Para relembrar essa parceria, bem como suas contribuições para a área de educação em museus, a série Possibilidades Educativas em Museus de História, apresentará em quatro publicações alguns conteúdos debatidos durante os encontros, bem como reflexões surgidas em decorrência dos debates.
O mediador é aquele que se coloca entre duas partes. Espera-se, desse sujeito, a capacidade comunicativa de, ao encarar uma situação, extrair reflexões e promover trocas entre as partes envolvidas. O exercício da mediação é uma das tarefas desempenhadas por educadores dentro e fora da sala de aula e, devido à sua complexidade, carrega desafios gigantescos.
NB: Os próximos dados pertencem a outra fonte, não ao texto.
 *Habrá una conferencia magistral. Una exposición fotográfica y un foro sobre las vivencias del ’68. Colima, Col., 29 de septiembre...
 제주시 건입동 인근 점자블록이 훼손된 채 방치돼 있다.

No Brasil, os educadores museais costumam integrar sua formação individual (geralmente, constituída no campo das ciências humanas) aos estudos da arte/educação. Para entender o porquê desse percurso, é necessário olhar para a década de 1980, quando a arte educadora Ana Mae Barbosa revolucionou o campo de ensino da arte desenvolvendo uma proposta pedagógica que ficou conhecida como "Abordagem Triangular". Desde então, sua contribuição adentrou os núcleos de educação em museus e outros espaços culturais e se apresenta como base para o desenvolvimento de atividades educativas.
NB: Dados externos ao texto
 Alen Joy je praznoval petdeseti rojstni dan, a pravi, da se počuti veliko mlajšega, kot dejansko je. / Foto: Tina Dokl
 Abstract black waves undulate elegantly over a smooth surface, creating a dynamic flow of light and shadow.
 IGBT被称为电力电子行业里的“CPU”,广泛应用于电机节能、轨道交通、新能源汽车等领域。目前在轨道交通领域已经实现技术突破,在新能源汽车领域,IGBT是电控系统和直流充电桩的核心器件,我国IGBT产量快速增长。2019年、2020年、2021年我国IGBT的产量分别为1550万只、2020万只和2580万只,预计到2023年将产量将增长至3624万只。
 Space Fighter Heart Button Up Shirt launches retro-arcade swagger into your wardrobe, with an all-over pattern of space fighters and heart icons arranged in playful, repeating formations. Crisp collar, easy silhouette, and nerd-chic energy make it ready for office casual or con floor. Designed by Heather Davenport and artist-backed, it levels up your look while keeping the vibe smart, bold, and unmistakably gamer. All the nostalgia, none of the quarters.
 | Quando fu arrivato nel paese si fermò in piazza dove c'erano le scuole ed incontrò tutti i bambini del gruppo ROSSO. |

A Abordagem Triangular propõe, em um primeiro momento, que o aprendizado artístico ocorra em três etapas, sendo a primeira relacionada com a produção artística, a segunda com uma contextualização que parte da história da arte e a terceira a partir da apreciação e da leitura das obras[1]. Quando deixou o Museu de Arte Contemporânea da Universidade de São Paulo em 1993, Ana Mae argumentou que seria possível expandir a Abordagem Triangular, levando sua aplicabilidade para qualquer outro museu: esse, no entanto, deveria ter sido um momento de maior apropriação dos estudos de Barbosa, com o intuito de que a abordagem não fosse replicada em outros espaços sem reflexões mais profundas sobre as mudanças e adaptações necessárias.
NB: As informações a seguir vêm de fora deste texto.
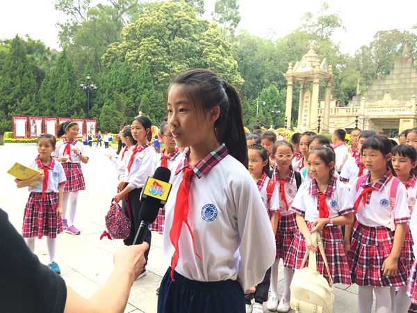 祭扫结束以后大队长张恩琪、少先队员李凌燕、孙一词等接受了澳亚卫视“少年看中国”栏目的采访,他们表达了心中对烈士们英勇捐躯的崇敬之情,今后会倍加珍惜来之不易的幸福生活,通过努力学习报效祖国。

A aplicação da Abordagem Triangular parte do trabalho da mediação: temos de um lado o espectador e do outro a obra de arte, sendo o educador o agente mediador. Quando levamos a proposta metodológica para outros espaços, instintivamente procuramos por um objeto artístico a ser mediado. Alguns museus de história apresentam incríveis telas à óleo que, não por acaso, são as favoritas de educadores formados a partir dessa abordagem metodológica. Mas e quando o museu não possui objeto artístico? Quais abordagens podemos aplicar para mediar documentos e arquivos históricos, por exemplo? E quando a materialidade do objeto da mediação não existe, ou seja, o que deve ser mediado está no campo do invisível?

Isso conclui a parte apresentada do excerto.